1980 television film directed by Ron Satlof

Waikiki (also known as Waikiki Mission) is a 1980 American action crime drama television film that originally aired on ABC. Directed by Ron Satlof, it stars Dack Rambo, Steve Marachuk, Donna Mills, Tanya Roberts, Cal Bellini, and Darren McGavin and follows a pair of private detectives called on to investigate the bizarre serial murders of young women in Waikiki. The film combines elements of a crime thriller with the atmosphere of an exotic resort in the 1980s. Despite the serious nature of the plot, the film maintains a light and dynamic atmosphere thanks to the colorful characters and local landscapes.

==Plot==
The film is set in Waikiki, Hawaii. The main characters are two private detectives, one a laid-back Californian and the other a streetwise New Yorker. They team up to investigate a series of mysterious murders of young women occurring in the Waikiki area. The murders cause alarm in the community, and the detectives dive into the investigation, which includes visiting nightclubs, interacting with locals, and immersing themselves in the Hawaiian culture.

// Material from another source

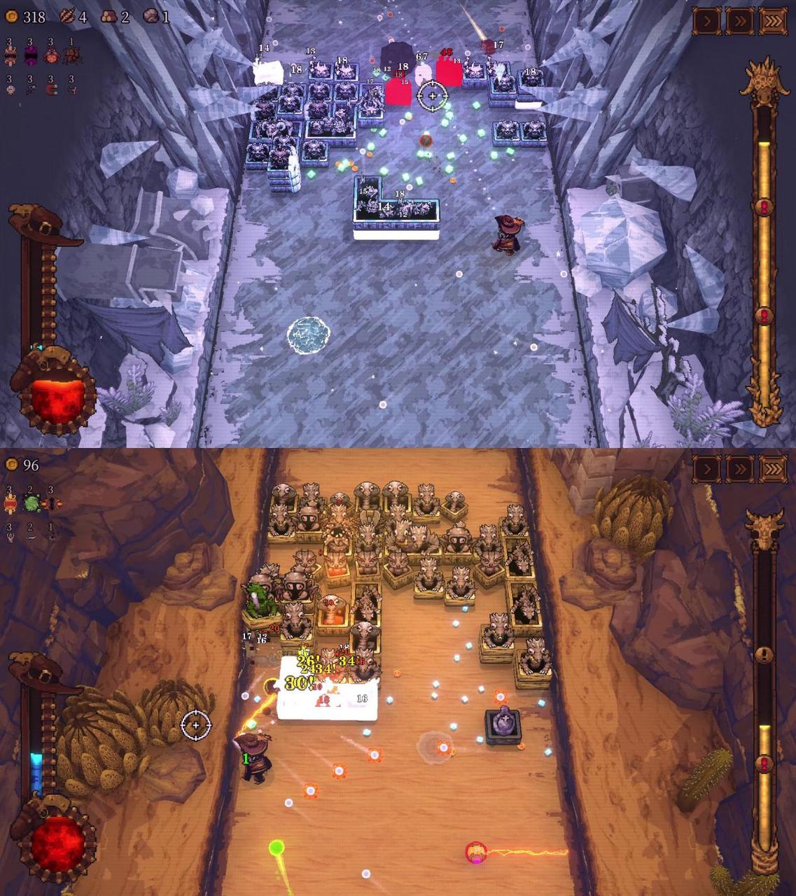 例如冰封雪原地图,光滑的冰面会令角色的移动变得难以精确控制,产生意外的滑行位移。与此同时,部分敌人会拥有对特定角度的攻击免疫的特性。玩家当然也可以化劣势为优势,利用这些“天然屏障”让弹珠实现更频繁的反弹,创造出意想不到的攻击轨迹。

As the story progresses, the detectives encounter danger, intrigue, and unexpected discoveries, getting closer to solving the mystery of the ruthless serial killer known as "The Cane Field Murderer."

==Cast==
- Dack Rambo as Ronnie Browning
- Donna Mills as Cassie Howard
- Steve Marachuk as David King
- Tanya Roberts as Carol
- Cal Bellini as Rex
- Darren McGavin as Captain Mcguire
- Robert F. Lyons as Mark Barrington
- Mark Slade as Lloyd Barrington
- Branscombe Richmond as Walter Kaamanu
- Betty Carvalho as Annie Kaamanu
- Jenny Sherman as Amy
- Angus Duncan as Joe Farnsworth
- Karen Austin as Joanie
- Anne-Marie Martin as Penny
- Robert Apisa as Kahea
- Jack Hisatake as Kona
- Tommy Fujiwara	as Coroner
- Suzanne Schulman as Lori
- Sigrid S. Sundstrom as Terri
- Paul Verdier as French tourist
- Laura Allen as Party guest
- Mark Pinkosh as Surfer boy

==Reception==
The Los Angeles Times called the film "fast and absorbing escapist fare."